Charles Dickens, A Tale of Two Cities
NOW
1
The tide rolled in, erasing the first of the footprints in the sand, like the memory of a presence gradually being excised from the history of the beach. The marks were small, as of those left by a child, except no child had walked there, or none that Parker had noticed; yet when he looked up from his book, the evidence was before him. Bare feet: he could discern the marks of the toes, and the rounded indentations of the soles and heels. The footprints ended within a few yards of the tree against which he sat, as though the visitor had regarded Parker for a time before moving on.
But the prints progressed only in one direction, and seemed to ascend from the sea: an emergent ghost, arrived unnoticed, come to bear witness in silence.
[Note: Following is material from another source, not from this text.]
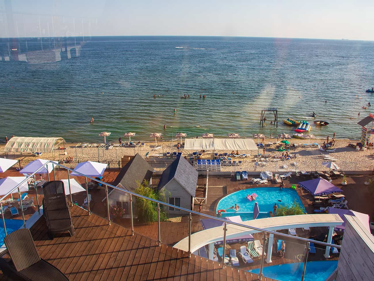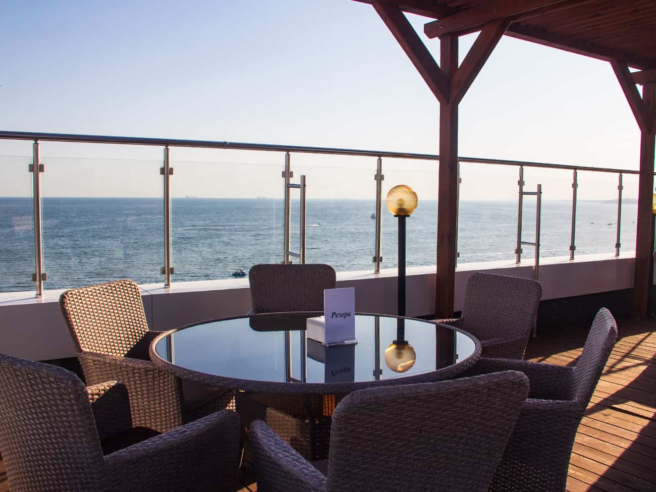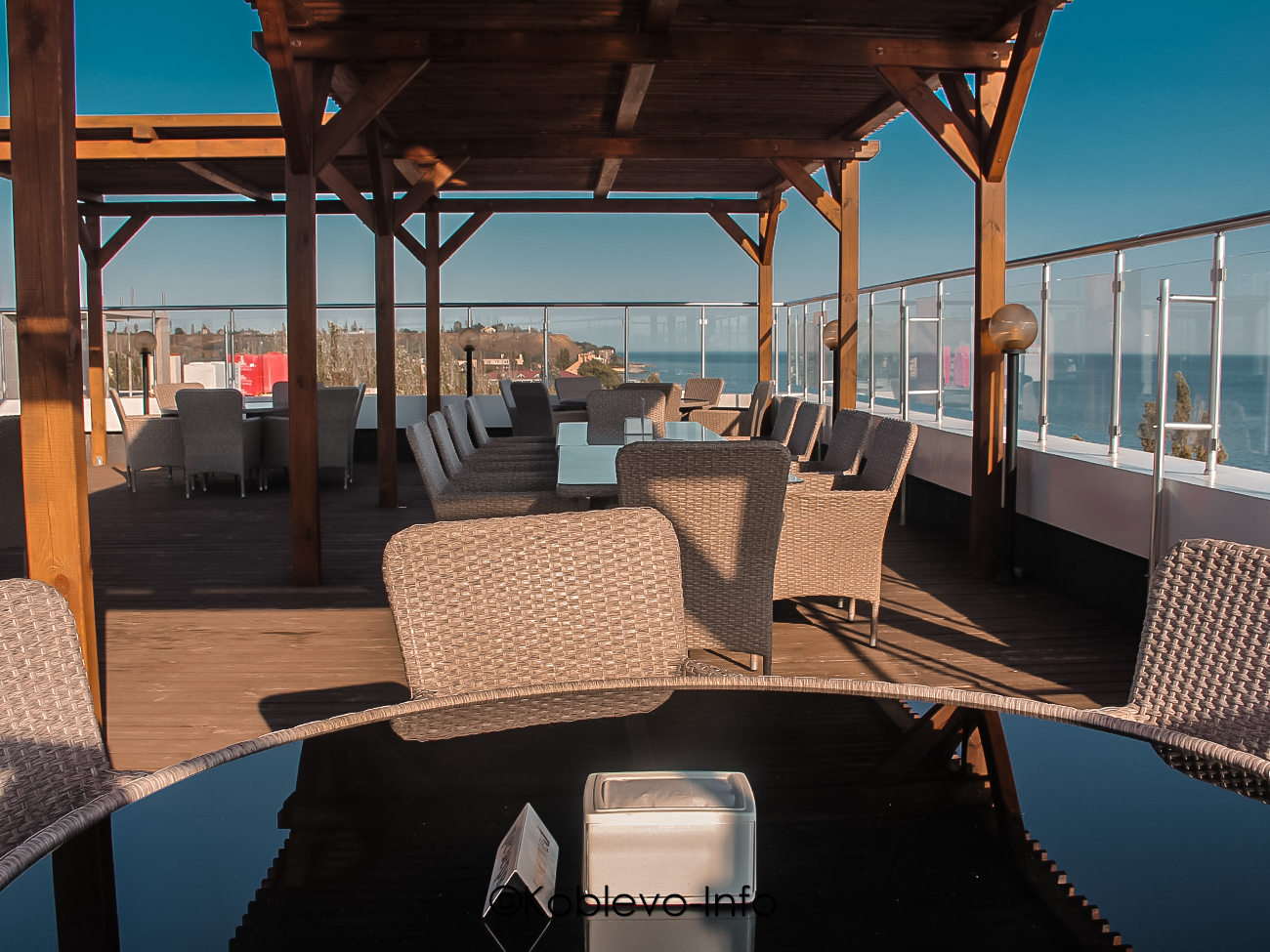 Более того, в ресторане вы найдете множество мелочей в интерьере вроде сеток с ракушками и статуэток в виде морских обитателей. Цветовая гамма в дизайне ненавязчивая. Все оформлено в спокойных теплых тонах. Здесь, безусловно, приятно проводить время за бокалом вина или за сытным ужином в кругу семьи. Несмотря на то, что ресторан Небо в Коблево находится на крыше, ветра здесь практически нет. Все потому, что по периметру заведения установлены стеклянные ограждения, которые, кстати, совсем не закрывают вид. Часто ресторан выбирают в качестве места для проведения торжественных событий или дней рождения.
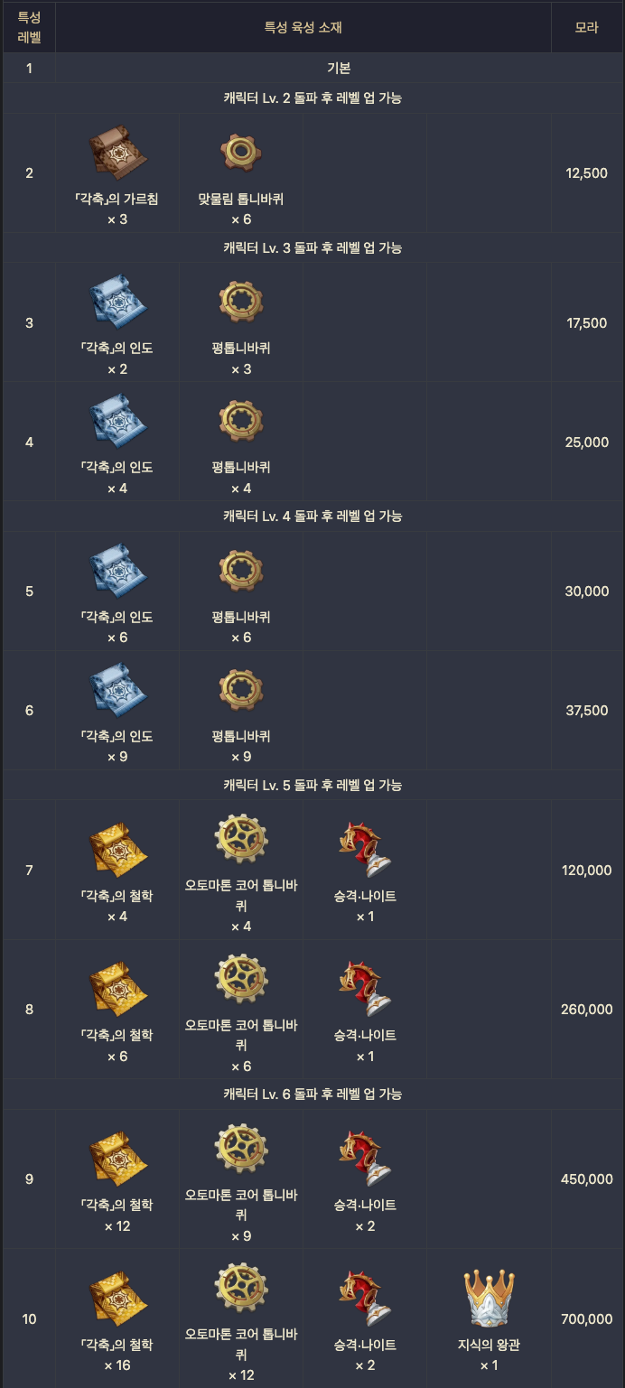 특성, 스킬, 전무 1 레벨로

Parker removed his glasses, cursing – not for the first time – the necessity of them. His optometrist had suggested progressive lenses, which struck Parker as just a fancier name for bifocals. It was an error she was unlikely to make again, Parker regarding progressives as a short step from adopting pince-nez, or wearing spectacles on a gold chain while smelling of cheap sherry. Now, nonprogressive lenses in hand, he looked left and right, but it was an instinctive response and nothing more, because he did not really expect to glimpse her: this lost daughter, this revenant being.
‘Jennifer.’
He spoke her name aloud, and let the wind carry it to her. He wondered what had drawn her here. She would not have returned to him without cause.
He closed his book and stood to brush the sand from his trousers. He was reading Louis L’Amour’s Education of a Wandering Man , and thought he might have enjoyed meeting the writer. He had devoured L’Amour’s Westerns as a boy, because his grandfather’s shelves were filled with copies, but he hadn’t returned to them in the years since. Parker supposed he’d underestimated L’Amour because of the nature of his novels, and their association with the games of cowboys and Indians played when he was young, or the TV shows that had once obsessed him: The Virginian, Casey Jones, The Adventures of Champion . Now it turned out that L’Amour had read more of the great works of literature than anyone Parker had encountered, either in life or in print. He had spent time as a hobo on the Southern Pacific Railroad, as a deckhand on Atlantic vessels, as a boxer, as a writer, and always with a book close at hand. Parker felt as though he had encountered a kindred spirit in L’Amour, albeit one much wiser than he would ever be.
The fall leaves were turning, the woods slowly transforming from green to red and gold, their colors like a smokeless conflagration. A chill had crept into the air as the day progressed: not so much as to make sitting by Ferry Beach uncomfortable, but sufficient to rouse a man from his reading and cause him to seek shelter at last.